A scalable device-less biomaterial approach for subcutaneous islet transplantation

Abstract The subcutaneous space has been shown to be a suitable site for islet transplantation, however an abundance of islets is required to achieve normoglycemia, often requiring multiple donors. The loss of islets is due to the hypoxic conditions islets experience during revascularization, resulting in apoptosis. Therefore, to reduce the therapeutic dosage required to achieve normoglycemia, pre-vascularization of the subcutaneous space has been pursued. In this study, we highlight a biomaterial-based approach using a methacrylic acid copolymer coating to generate a robust pre-vascularized subcutaneous cavity for islet transplantation.
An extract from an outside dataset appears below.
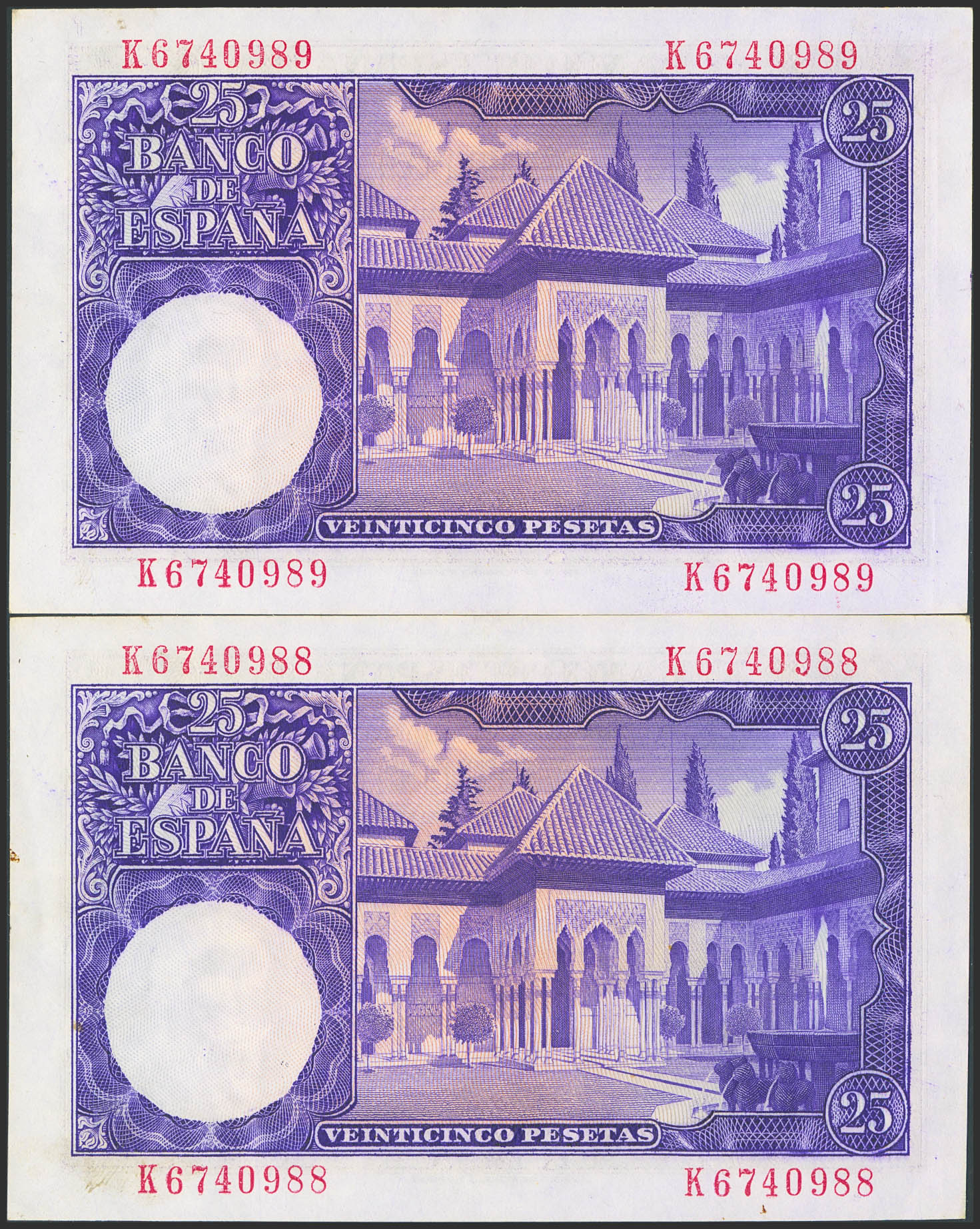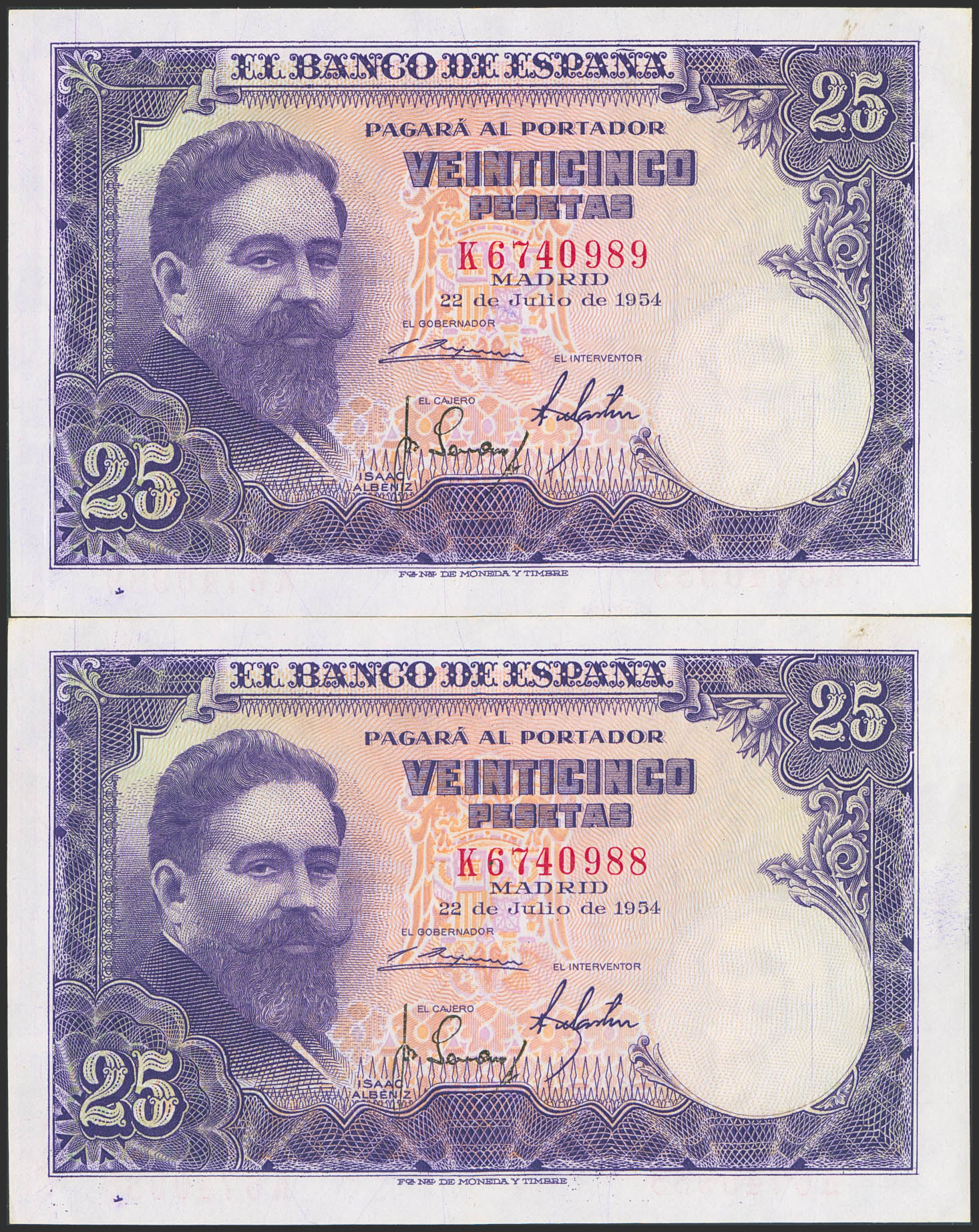 25 Pesetas. 22 de Julio de 1954. Pareja correlativa. Serie K. (Edifil 2023: 467a). Apresto original. SC-.

We also devised a simple, but not-trivial, procedure for filling the cavity with an islet suspension in collagen. We show that the pre-vascularized site can support a marginal mass of islets to rapidly return streptozotocin-induced diabetic SCID/bg mice to normoglycemia. Furthermore, immunocompetent Sprague Daley rats remained normoglycemia for up to 70 days until they experienced graft destabilization as they outgrew their implants. This work highlights methacrylic acid-based biomaterials as a suitable pre-vascularization strategy for the subcutaneous space that is scalable and doesn’t require exogenous cells or growth factors. Summary In this study methacrylic acid copolymer coated tubes generated a robust vascular response in the subcutaneous space, which was critical to support islet transplantation in a streptozotocin-induced diabetic mouse model. More importantly, the subcutaneous pre-vascularization approach using this copolymer coating was scalable into a larger allogeneic rat model and returned animals to normoglycemia for up to 70 days. This platform highlights the potential of a scalable biomaterial approach for pre-vascularization of the subcutaneous space in larger animal models.